■ **WORK TO BE COMPLETED**
When you reproduce the data, keep every word exactly as it stands and leave the pictures out.

■ **SUPPLIED INFORMATION**

- - -

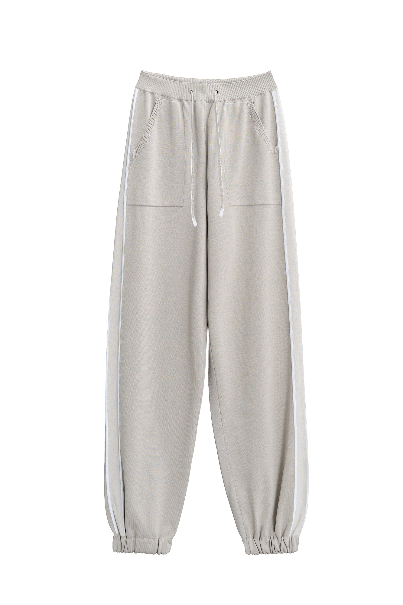 Трикотажные брюки-джоггеры из вискозы. Модель выполнена в спортивном стиле, с эластичным поясом со шнурком, боковыми карманами и манжетами на резинке. Изделие декорировано широкими лампасами контрастного цвета.
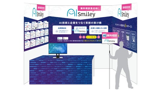 会場では、最新のAIソリューションやニュース等を取り上げるAIポータルメディア「AIsmiley」活用方法のご案内と、AI導入の相談を受け付けます。
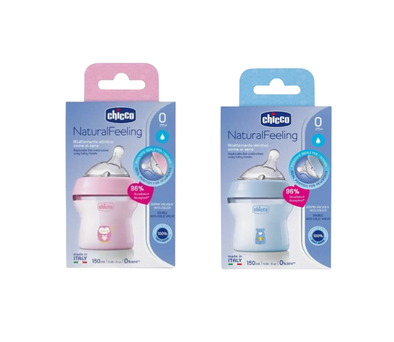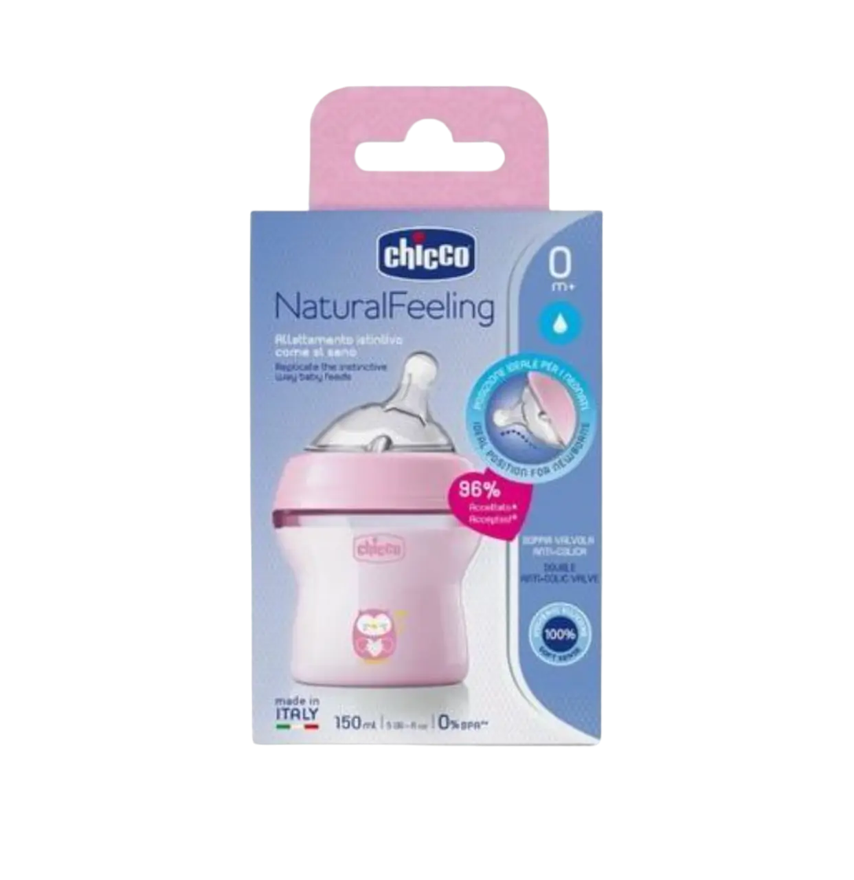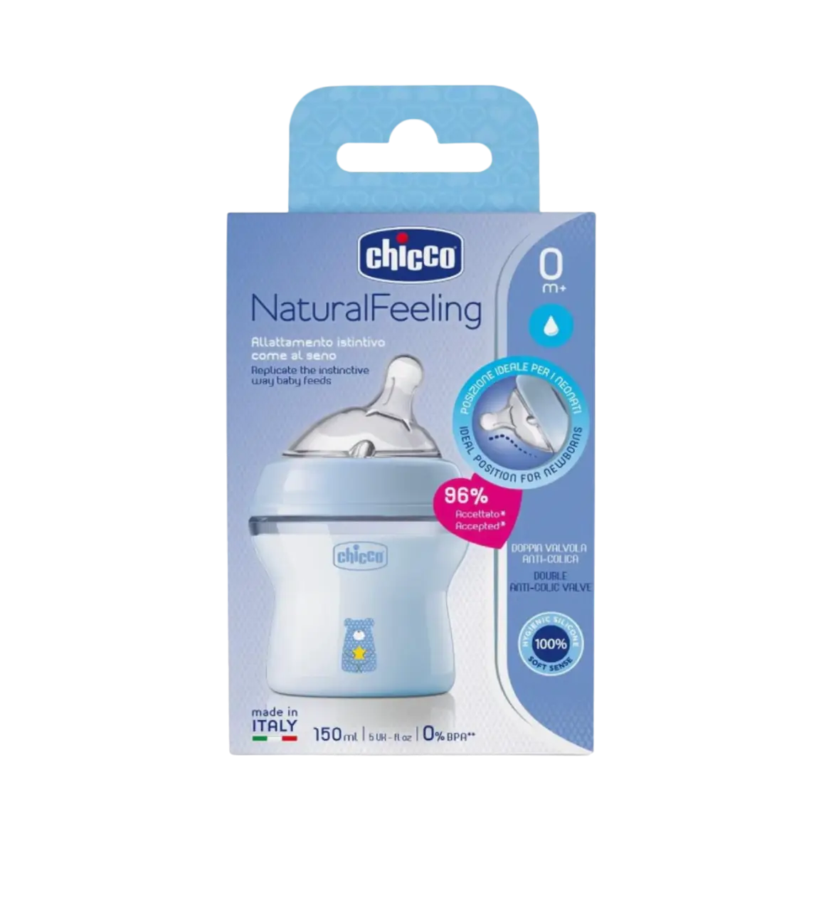 Le biberon Chicco Natural Feeling Flux Lent 0m+ 150ml reproduit la manière instinctive dont bébé se nourrit, facilitant ainsi la transition sein-biberon.

- - -

■ **EXPECTED ANSWER**
 Трикотажные брюки-джоггеры из вискозы. Модель выполнена в спортивном стиле, с эластичным поясом со шнурком, боковыми карманами и манжетами на резинке. Изделие декорировано широкими лампасами контрастного цвета.
 会場では、最新のAIソリューションやニュース等を取り上げるAIポータルメディア「AIsmiley」活用方法のご案内と、AI導入の相談を受け付けます。
 Le biberon Chicco Natural Feeling Flux Lent 0m+ 150ml reproduit la manière instinctive dont bébé se nourrit, facilitant ainsi la transition sein-biberon.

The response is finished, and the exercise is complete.